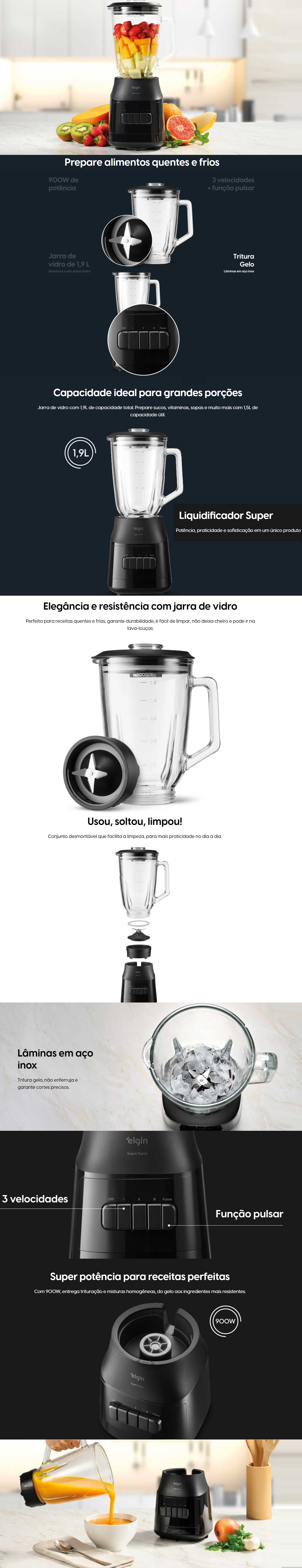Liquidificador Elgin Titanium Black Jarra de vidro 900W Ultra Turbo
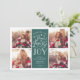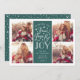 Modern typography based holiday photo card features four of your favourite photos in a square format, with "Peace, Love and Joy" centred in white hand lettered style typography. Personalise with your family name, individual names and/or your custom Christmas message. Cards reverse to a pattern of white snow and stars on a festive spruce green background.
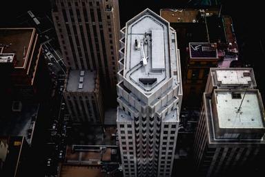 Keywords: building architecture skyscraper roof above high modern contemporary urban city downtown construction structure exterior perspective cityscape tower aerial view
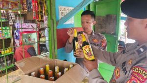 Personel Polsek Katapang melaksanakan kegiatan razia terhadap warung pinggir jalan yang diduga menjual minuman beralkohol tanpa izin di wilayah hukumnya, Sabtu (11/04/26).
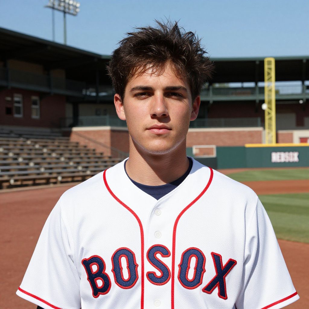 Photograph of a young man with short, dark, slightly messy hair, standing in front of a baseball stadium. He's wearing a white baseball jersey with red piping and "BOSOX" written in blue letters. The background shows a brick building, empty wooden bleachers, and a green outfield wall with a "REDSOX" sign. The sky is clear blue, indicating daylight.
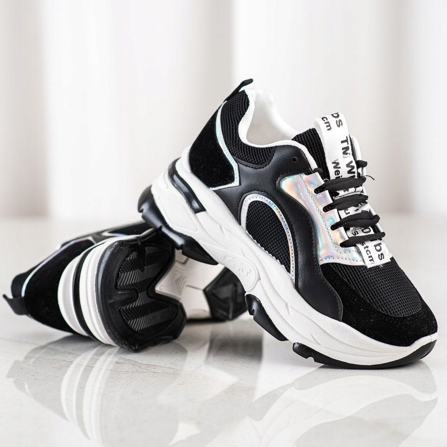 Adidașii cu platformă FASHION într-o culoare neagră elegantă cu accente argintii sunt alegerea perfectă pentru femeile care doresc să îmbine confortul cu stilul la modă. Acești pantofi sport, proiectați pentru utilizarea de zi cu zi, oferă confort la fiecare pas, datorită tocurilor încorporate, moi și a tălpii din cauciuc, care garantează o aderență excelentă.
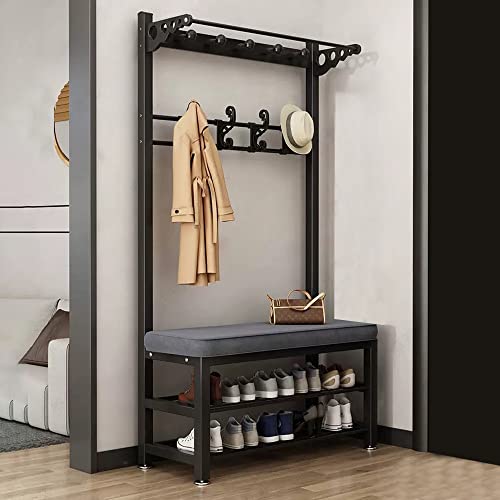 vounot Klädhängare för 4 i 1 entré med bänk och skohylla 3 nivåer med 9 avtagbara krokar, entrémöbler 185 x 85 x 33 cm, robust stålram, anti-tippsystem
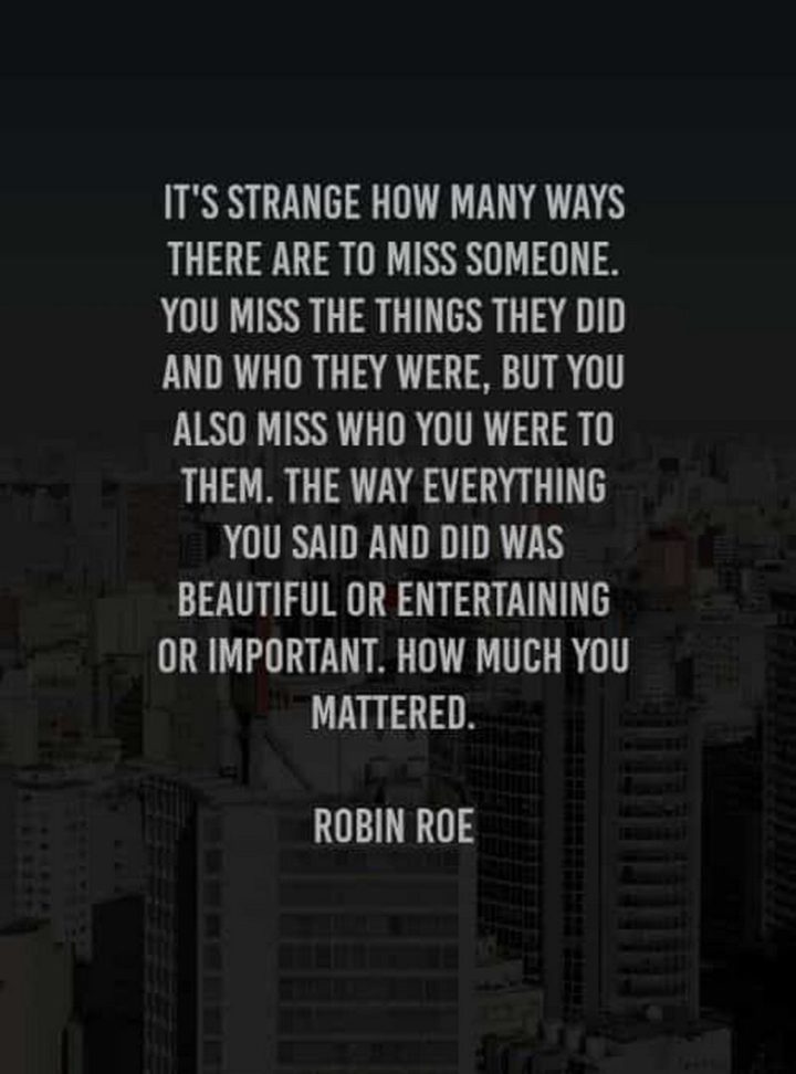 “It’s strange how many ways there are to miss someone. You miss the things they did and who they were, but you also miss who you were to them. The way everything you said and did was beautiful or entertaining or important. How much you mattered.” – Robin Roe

What is being asked →
Pictures are to be left out; everything else in the records gets retyped exactly.

Finished exercise →
Liquidificador Elgin Titanium Black Jarra de vidro 900W Ultra Turbo
 Modern typography based holiday photo card features four of your favourite photos in a square format, with "Peace, Love and Joy" centred in white hand lettered style typography. Personalise with your family name, individual names and/or your custom Christmas message. Cards reverse to a pattern of white snow and stars on a festive spruce green background.
 Keywords: building architecture skyscraper roof above high modern contemporary urban city downtown construction structure exterior perspective cityscape tower aerial view
 Personel Polsek Katapang melaksanakan kegiatan razia terhadap warung pinggir jalan yang diduga menjual minuman beralkohol tanpa izin di wilayah hukumnya, Sabtu (11/04/26).
 Photograph of a young man with short, dark, slightly messy hair, standing in front of a baseball stadium. He's wearing a white baseball jersey with red piping and "BOSOX" written in blue letters. The background shows a brick building, empty wooden bleachers, and a green outfield wall with a "REDSOX" sign. The sky is clear blue, indicating daylight.
 Adidașii cu platformă FASHION într-o culoare neagră elegantă cu accente argintii sunt alegerea perfectă pentru femeile care doresc să îmbine confortul cu stilul la modă. Acești pantofi sport, proiectați pentru utilizarea de zi cu zi, oferă confort la fiecare pas, datorită tocurilor încorporate, moi și a tălpii din cauciuc, care garantează o aderență excelentă.
 vounot Klädhängare för 4 i 1 entré med bänk och skohylla 3 nivåer med 9 avtagbara krokar, entrémöbler 185 x 85 x 33 cm, robust stålram, anti-tippsystem
 “It’s strange how many ways there are to miss someone. You miss the things they did and who they were, but you also miss who you were to them. The way everything you said and did was beautiful or entertaining or important. How much you mattered.” – Robin Roe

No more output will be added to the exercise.